Here has been my experience on both side.  As a former building official with all of the certifications who was an employee of a municipality, I was relied on to make the call and do my duty for every aspect of the building department.  Other than the state auditing me every 3 years on commercial accessibility, I had the power to make all decisions and no one was coming in after me to second guess me.  I had to pay extra close attention to accessibility because that was the one thing I would be audited on but could be more flexible on others situations if I needed to or was compelled to.  As a private, third party inspector, there was a bit of a different feeling.

As a privately hired/contracted inspector to a municipality you often find yourself being one of several inspectors that may have to visit a jobsite.  This keeps you on your toes because you know that other inspectors may be coming behind you so it is important to be more thorough.  I'm not saying that municipal inspectors aren't thorough, I'm saying that when you know another inspector is coming in after you, you have to be on your game a little bit more.  Now for some personal experiences.

When I cover other municipalities and have to go out to reinspect a previously failed inspection, I do find where I am inspecting things that weren't a code violation to begin with.  That is always frustrating and puts me in an awkward position because both the contractor and myself know it is BS but I just do my thing and sign off.  That does bother me.  I hate the "do as I say because I am the inspector" attitude, especially when legitimate problems are missed.  Here is an example.  I was reinspecting a failed generator installation because the inspector did not see glue in one of the PVC fittings.  Since I was there for a final and I am going to be the one signing off, I asked to have everything opened up so I could inspect.  What I found that the inspector missed was:
*Penetrations from the meter base to ATS above the level of live parts without a sealing washer or sealing locknut.
*Even though the generator was right by the service with 2 new ground rods, he made them add a third ground rod for the generator.  WTF at many levels.
*The neutrals and grounds were tied together at the generator and it is residential and not a separately derived system.
*The generator was undersized for the load it was wired for and needed load shedding/management.
*The installation did not match the plans, especially the way the load were distributed and neither panel was even close to the way it was drawn.

So, in this case, one thing was written up with is total BS, one is nitpicky, yet the important, big stuff was missed.  I had to write all of it up even though I was expected to just look at the glue in the PVC fitting and move on.

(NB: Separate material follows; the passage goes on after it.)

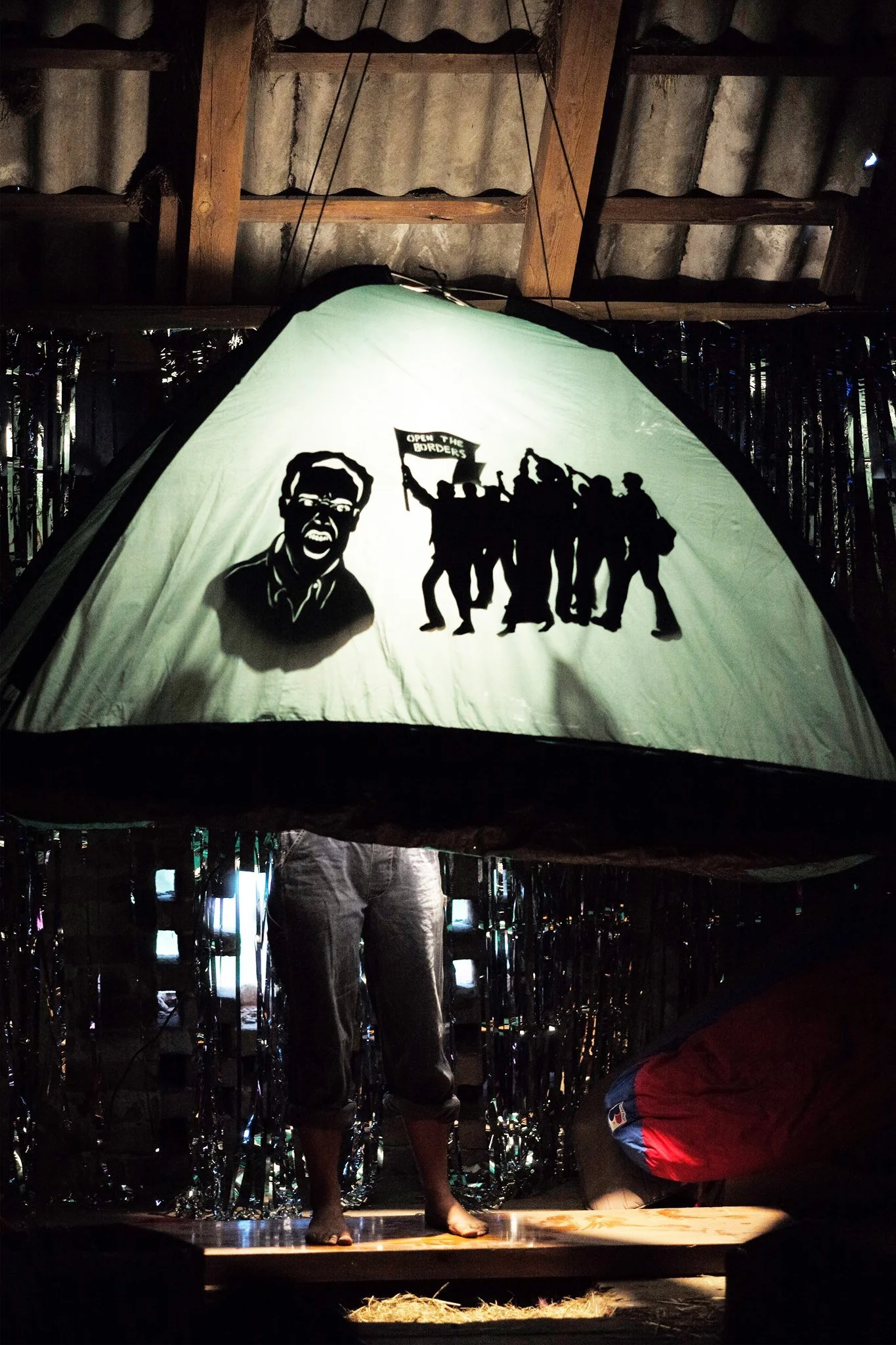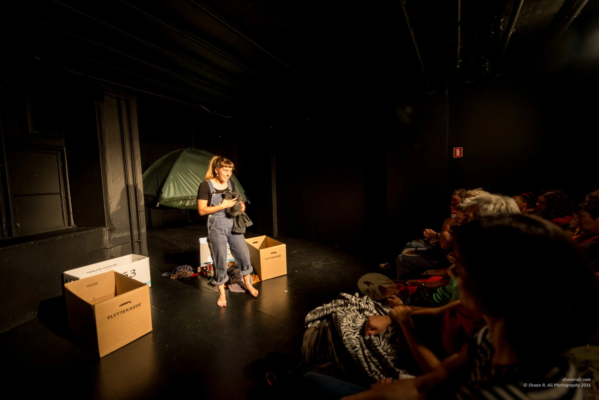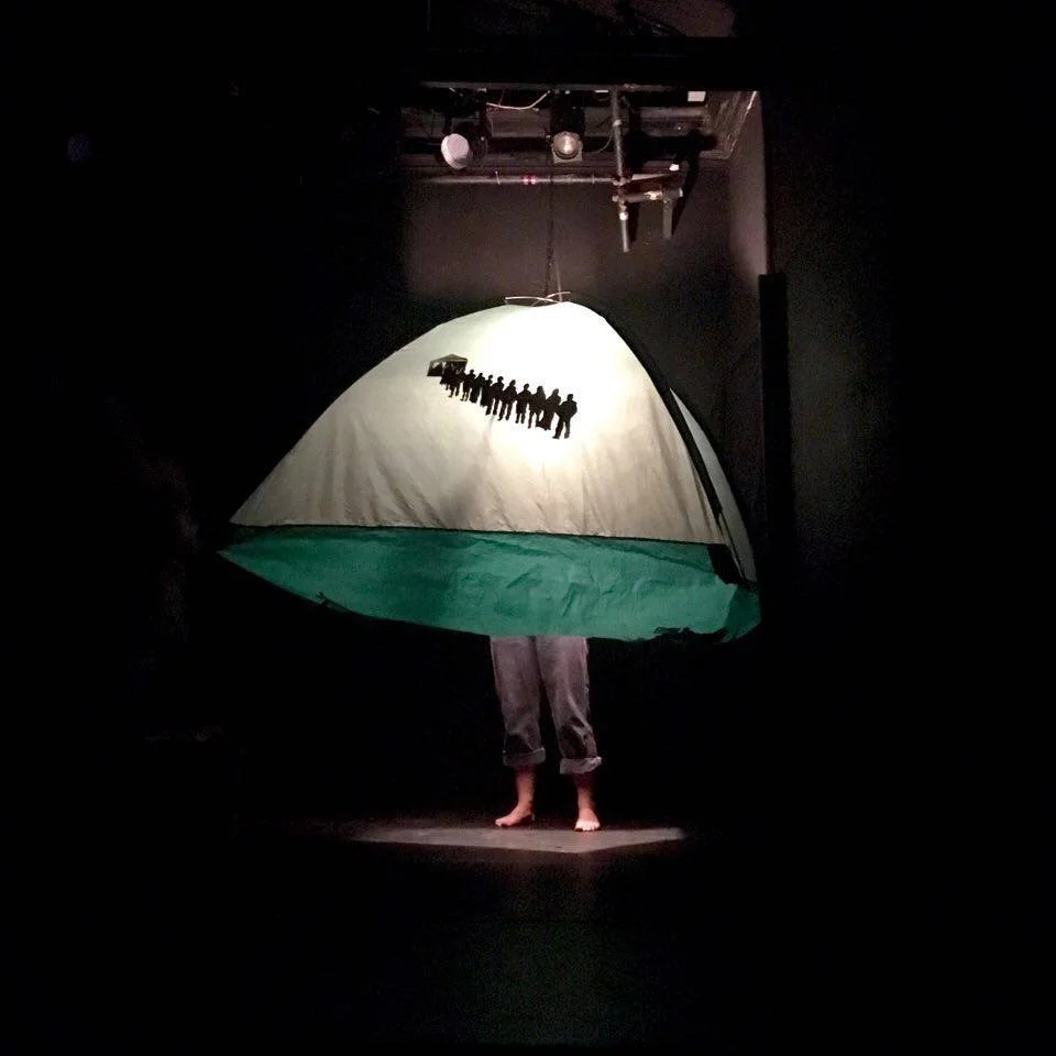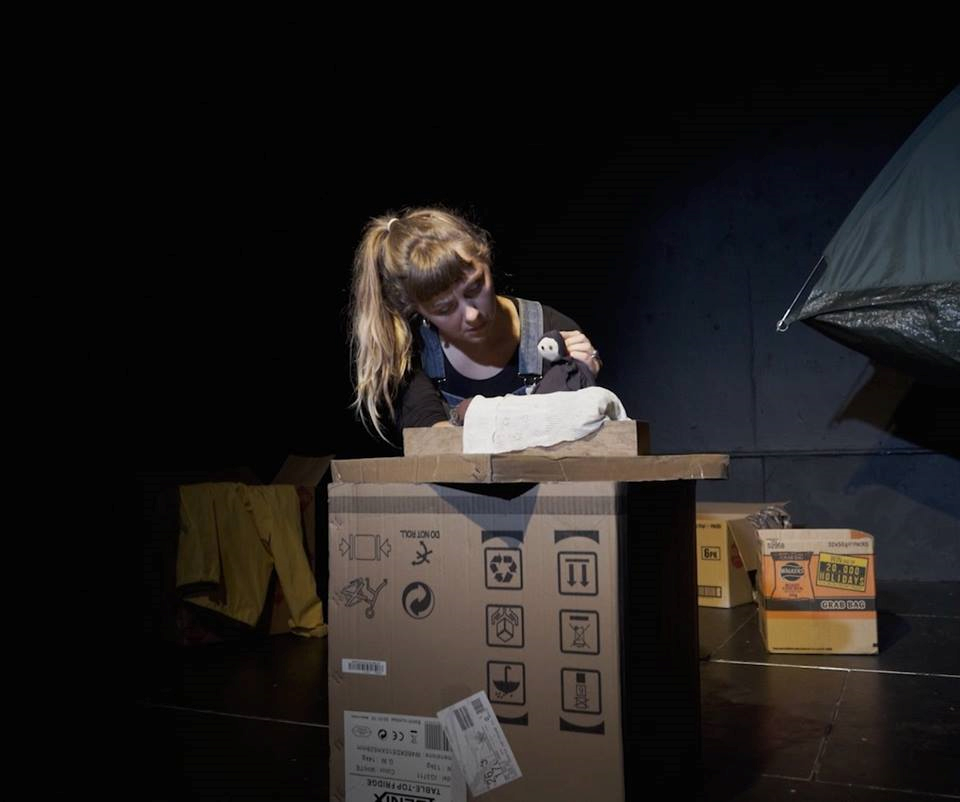 The stage resembles French and Greek makeshift camps, with a simple set made entirely of found objects. Ellen uses a combination of shadow and cloth puppets, slam poetry, live acapella singing and humorous role play to entice the audience into an honest dialogue, using her own experiences as a base to address popular misconceptions surrounding the media frenzy of Europe’s “Refugee Crisis”, 2015-2016.

Now listen, workload always has an impact and the busier you are, the less time you have so you really have to be on your game.  I know this first hand.  Still, there are others that may only have 4-5 inspections for the day and have more than adequate time to go through a jobsite.  We are all in here together to ensure safe construction and none of us are infallible.  We all make mistakes.  Looking down at private, third party inspectors, however, is just plain wrong.


----------



## Mark K (Aug 25, 2019)

Jar

If speaking the truth is bucking the system then maybe the system is broken


----------



## cda (Aug 25, 2019)

Well said, no disputes

The public does not understand, buildings are built to minimum standards.

The city inspector is not always looking for straight lines or good paint jobs.

I think if I had a house built, I would probably have two different people look at every aspect of the build,,,

And still stuff would be missed.


----------



## cda (Aug 28, 2019)

https://www.msn.com/en-us/money/rea...buying-dream-home/ar-AAGt3Qo?ocid=mailsignout


----------



## jar546 (Aug 29, 2019)

cda said:


> https://www.msn.com/en-us/money/rea...buying-dream-home/ar-AAGt3Qo?ocid=mailsignout



Eh, not sure the relevance here.  If they had a mortgage, they would have known they were in a flood zone and been forced to purchase flood insurance.  If they are not in a flood zone then I can't see it being anyone's fault.  Flood maps are changing yet again (twice in 10 years after decades of no changes) and many people are going to find themselves in the special flood hazard area that were previously not.

On another take, if this was a new development and studies weren't done because the municipality does not have good development regulations, there could be some issues.  Who knows.


----------



## ADAguy (Sep 10, 2019)

Mark K said:


> Jar
> 
> If speaking the truth is bucking the system then maybe the system is broken



Broken? it seems to be getting that way. Institutional memory is getting lost with retirements every day. New inspectors often are lacking in trade knowledge and communication skills, city budgets are being strangled and then you have foreseeable Ghost Ships. Actual experience is critical to inspectors in training.


----------